Rencontre avec Flavien Durand, photographe et passionné de nature, qui nous invite à rentrer dans ses compositions.

Bonjour Flavien, peux-tu nous raconter un peu ton parcours ?

Cela pourra paraître incongru mais je crois qu’avant tout, c’est la forêt qui m’a formé. À l’âge de 8 ans je me suis retrouvé face à face avec un cerf en pleine forêt, dans le Jura, je m’en souviens comme si c’était hier. Encore aujourd’hui, je considère cette rencontre comme ma plus forte émotion artistique. J’ai ensuite passé le plus clair de mon temps libre dans la forêt. C’était plus qu’une passion, quand je ne dormais pas déjà dehors, je me réveillais parfois à 4h du matin pour rejoindre la forêt à vélo. J’avais toujours le sentiment de rater quelque chose, un combat de cerfs, une biche qui traverse la rivière, bref, il fallait que j’aille voir. Puis vers mes 12 ans, j’ai eu le désir de partager ces moments et j’ai reçu mon premier appareil photo à Noël. Parallèlement, je me passionne pour le piano et je débute plus tard une formation en musicologie à l’université, mais la photographie et la nature me rattrapent vite et je conserve la composition au piano comme simple passion. J’intègre donc l’école de photographie de Condé à Lyon pour me former techniquement, avant de poursuivre un Master en photographie et art contemporain à l’université Paris 8.

Peux-tu nous expliquer ta démarche artistique ?

Mon travail relève de ce qu’on pourrait appeler un “romantisme contemporain”. J’ai fait le constat suivant : nous regardons comme des romantiques mais nous ne pensons pas comme eux. C’est en partie ce paradoxe qui me pousse à réaliser des images. Je m’explique : il faut d’abord souligner que le romantisme ne correspond pas à l’idée populaire qu’on s’en fait, il s’agit avant tout d’un mouvement de pensée né en Allemagne à la toute fin du dix-huitième siècle. Ce mouvement a fortement imprégné notre façon de regarder le monde, même aujourd’hui, de manière inconsciente. Les frères Schlegel ou encore Novalis plaidaient pour rétablir l’harmonie primitive de l’âme humaine. Pour atteindre une telle harmonie, ils suggèrent une initiation qui passe par un temps d’illumination, une apparition qu’ils cherchent souvent dans le paysage. Il semble qu’à présent nous tournons encore notre regard vers ces paysages, mais sans y voir ce potentiel d’apparition. Ainsi, nous regardons dans la même direction que les romantiques mais nous n’avons plus l’espoir d’y trouver cette apparition, clé d’une harmonie nouvelle. Mes photographies sont une quête impossible de ce temps de l’apparition. Au fond, chacun de mes travaux conserve cette volonté de restitution d’une certaine profondeur esthétique et romantique. Personnellement, c’est la rencontre avec un cerf qui m’a poussé à tenter sa mise en forme, mais je pense que nous avons tous vécu de pareilles expériences décisives, même si elles demeurent très différentes. Pour résumer, mon travail est une quête poétique de l’apparition merveilleuse à travers la représentation de la nature et du vivant. Par ailleurs, mes derniers projets diffèrent quelque peu d’une attitude strictement romantique, en cela qu’ils tentent de reconnaître aux animaux un point de vue sur le monde. À l’inverse, le tradition picturale européenne a souvent représenté l’animal comme simple support d’une projection humaine.

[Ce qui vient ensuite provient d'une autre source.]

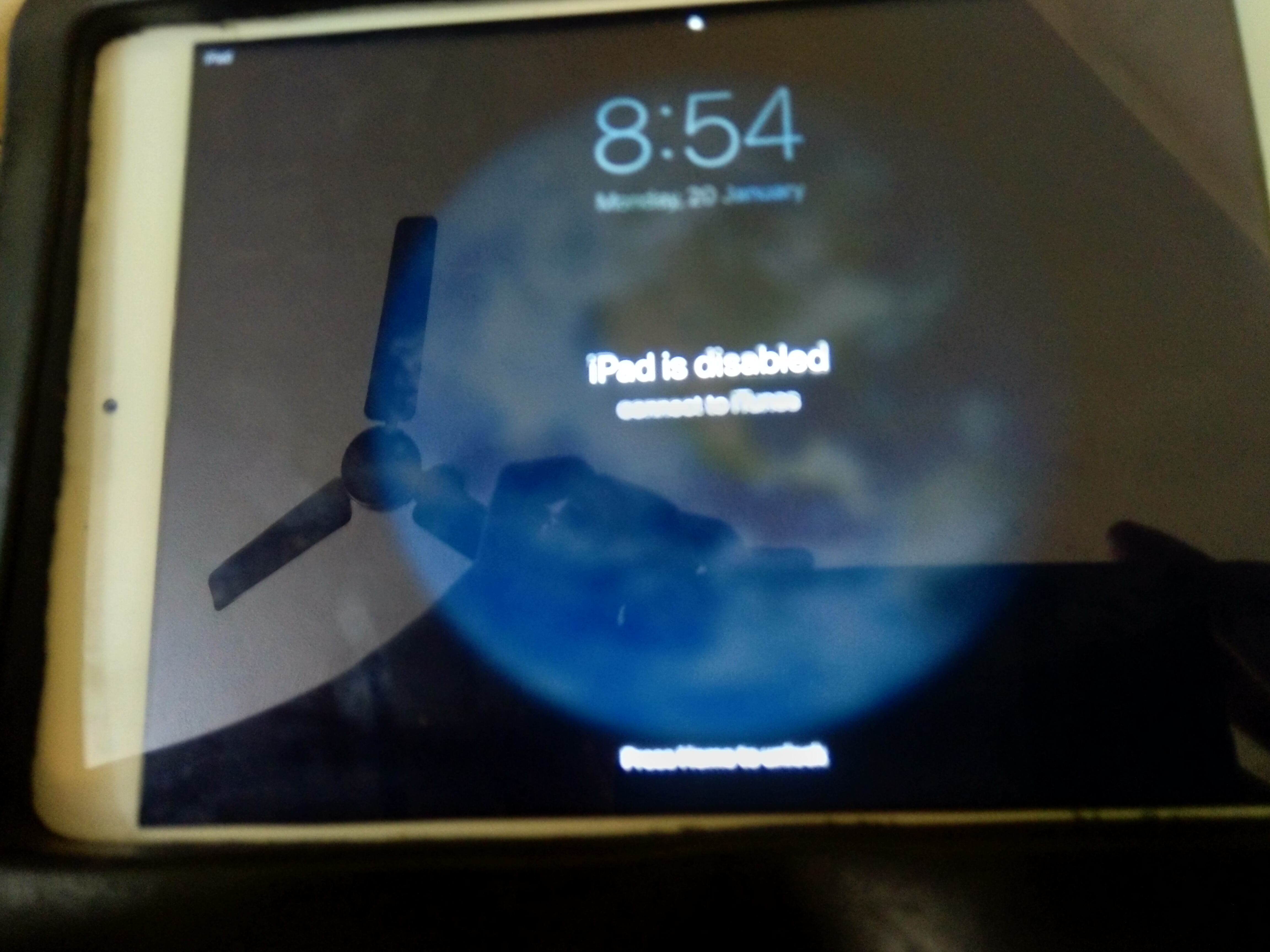 when i press the home button it just says "ipad is disabled connect to iTunes"

Peux-tu nous parler de la création de ta dernière série ?

Mon dernier projet, intitulé #sunset, rejoint précisément ce que je viens d’évoquer, à savoir comment convoquer la profondeur esthétique et romantique du paysage. Il s’agit de proposer des images de paysages en réaction au sort que lui réserve Instagram. L’exemple du soleil couchant est révélateur puisque sur le réseau social, plus de 250 millions d’images sont affublées du hashtag #sunset. Tandis que le soleil couchant évoquait L’Éternité dans le poème éponyme d’Arthur Rimbaud, celui-ci est devenu un papier peint devant lequel poser. On assiste à une disparition du soleil, relégué en arrière-plan. Cela est aussi vrai pour une montagne, une fleur, une forêt… Il y a donc un paradoxe, plus nous photographions le soleil, moins nous le regardons. Pour réagir à cette disparition du visible, j’ai tenté de recourir à la peinture à partir d’images stéréotypées d’Instagram. Ce procédé tente de perturber notre regard pour restaurer et faire réapparaître ce qui tend à disparaître sous le poids des poncifs et des habitudes visuelles.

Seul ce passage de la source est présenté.